#### Task directions:
Below are records; the lines starting at the one with "Medical | Ex- Pak |" and ending at the one with "[咨询] 《旧房移交单》在青白江区是啥" must be reproduced exactly, both included. Pictures must not appear.

#### Task material:
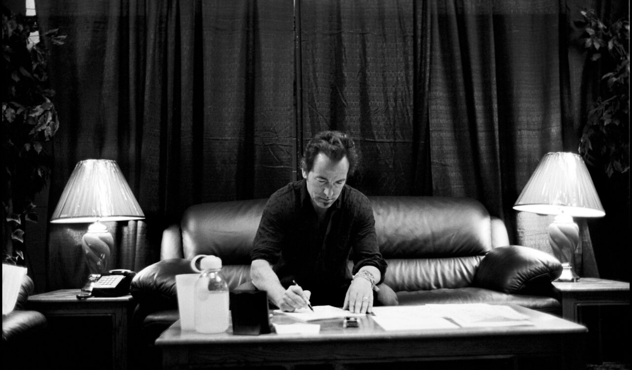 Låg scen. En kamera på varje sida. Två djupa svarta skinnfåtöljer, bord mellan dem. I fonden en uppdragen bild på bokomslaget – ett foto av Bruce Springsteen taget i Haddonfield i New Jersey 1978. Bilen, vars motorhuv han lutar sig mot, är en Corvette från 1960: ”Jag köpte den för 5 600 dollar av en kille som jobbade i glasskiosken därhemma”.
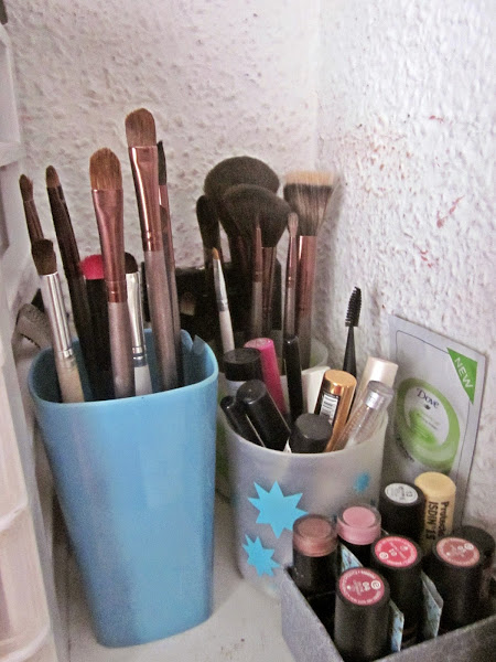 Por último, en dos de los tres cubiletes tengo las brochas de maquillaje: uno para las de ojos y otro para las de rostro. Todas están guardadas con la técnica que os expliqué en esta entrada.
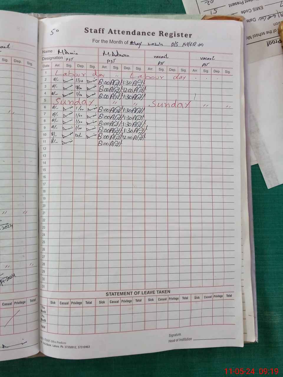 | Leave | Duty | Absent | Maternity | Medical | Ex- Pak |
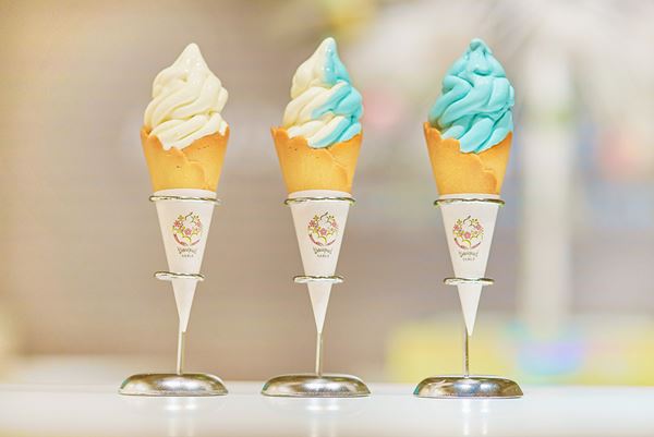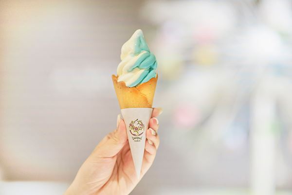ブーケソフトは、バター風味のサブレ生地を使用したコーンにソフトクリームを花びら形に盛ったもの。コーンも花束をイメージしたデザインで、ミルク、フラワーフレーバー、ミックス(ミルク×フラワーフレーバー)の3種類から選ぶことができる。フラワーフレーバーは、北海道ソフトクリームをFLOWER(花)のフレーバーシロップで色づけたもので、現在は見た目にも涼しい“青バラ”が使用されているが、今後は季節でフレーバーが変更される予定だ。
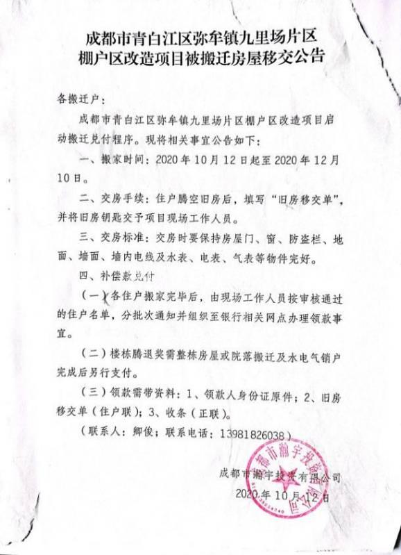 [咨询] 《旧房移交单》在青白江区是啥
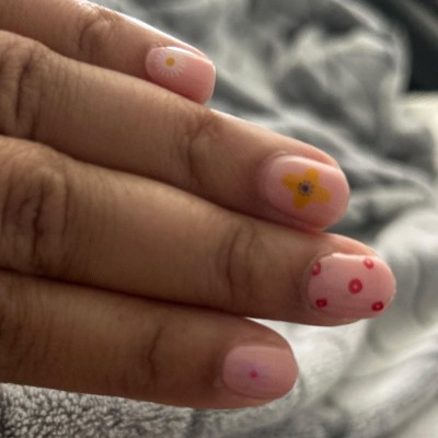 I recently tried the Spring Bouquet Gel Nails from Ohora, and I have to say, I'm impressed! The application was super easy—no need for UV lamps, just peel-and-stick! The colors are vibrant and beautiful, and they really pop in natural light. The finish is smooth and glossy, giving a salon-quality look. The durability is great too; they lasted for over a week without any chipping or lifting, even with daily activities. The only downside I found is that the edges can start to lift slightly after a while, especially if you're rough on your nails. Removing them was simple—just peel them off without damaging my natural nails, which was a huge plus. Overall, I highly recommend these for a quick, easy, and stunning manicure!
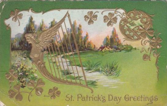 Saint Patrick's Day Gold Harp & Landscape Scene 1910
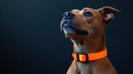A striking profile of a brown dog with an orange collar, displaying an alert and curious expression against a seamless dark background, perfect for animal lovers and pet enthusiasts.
==
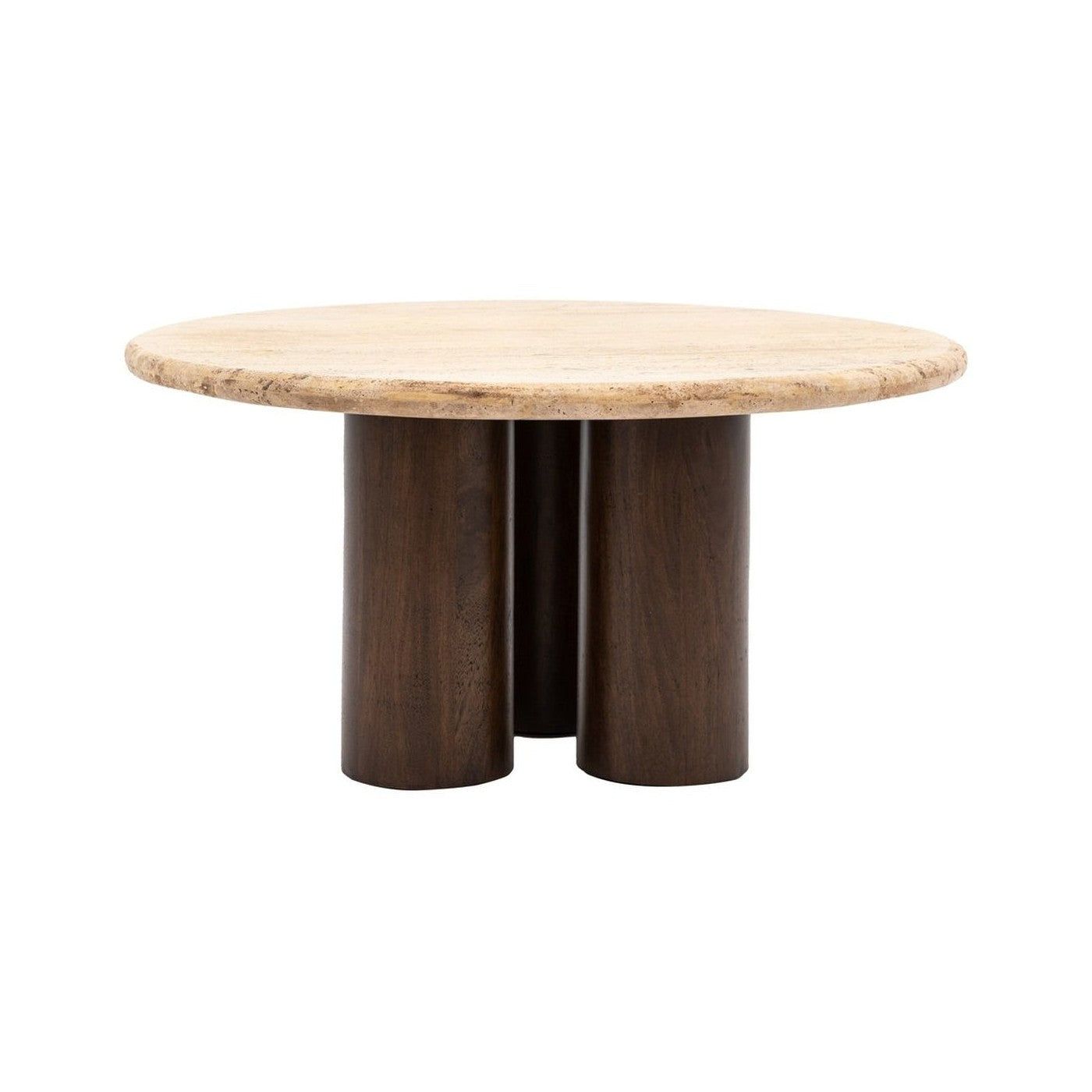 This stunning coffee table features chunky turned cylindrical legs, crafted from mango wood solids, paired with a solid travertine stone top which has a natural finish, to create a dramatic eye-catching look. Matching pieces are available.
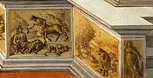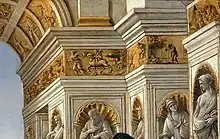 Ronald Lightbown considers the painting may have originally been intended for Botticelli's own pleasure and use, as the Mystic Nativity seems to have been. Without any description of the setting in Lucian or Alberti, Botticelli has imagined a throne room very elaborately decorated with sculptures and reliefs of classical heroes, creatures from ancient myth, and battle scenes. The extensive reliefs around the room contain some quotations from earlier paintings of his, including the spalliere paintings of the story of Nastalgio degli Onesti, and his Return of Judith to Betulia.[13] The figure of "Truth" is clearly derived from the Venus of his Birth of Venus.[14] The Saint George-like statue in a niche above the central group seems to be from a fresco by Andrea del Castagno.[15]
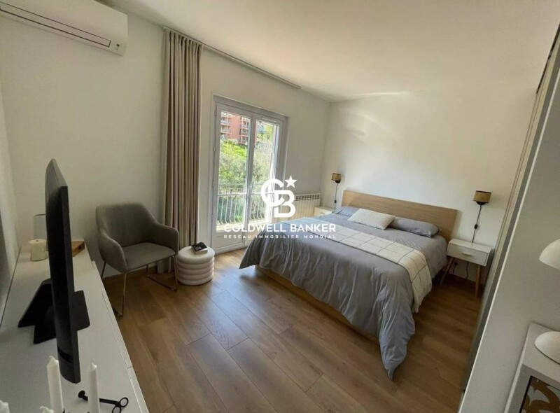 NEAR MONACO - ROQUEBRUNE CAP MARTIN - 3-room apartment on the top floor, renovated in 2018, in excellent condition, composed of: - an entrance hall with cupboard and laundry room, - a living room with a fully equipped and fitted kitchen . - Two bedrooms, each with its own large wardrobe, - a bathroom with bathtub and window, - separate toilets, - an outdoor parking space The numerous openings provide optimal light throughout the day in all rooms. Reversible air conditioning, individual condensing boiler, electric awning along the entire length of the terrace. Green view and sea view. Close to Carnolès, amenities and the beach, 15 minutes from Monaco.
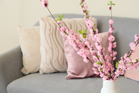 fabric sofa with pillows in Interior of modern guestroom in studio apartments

#### Response:
 | Leave | Duty | Absent | Maternity | Medical | Ex- Pak |
ブーケソフトは、バター風味のサブレ生地を使用したコーンにソフトクリームを花びら形に盛ったもの。コーンも花束をイメージしたデザインで、ミルク、フラワーフレーバー、ミックス(ミルク×フラワーフレーバー)の3種類から選ぶことができる。フラワーフレーバーは、北海道ソフトクリームをFLOWER(花)のフレーバーシロップで色づけたもので、現在は見た目にも涼しい“青バラ”が使用されているが、今後は季節でフレーバーが変更される予定だ。
 [咨询] 《旧房移交单》在青白江区是啥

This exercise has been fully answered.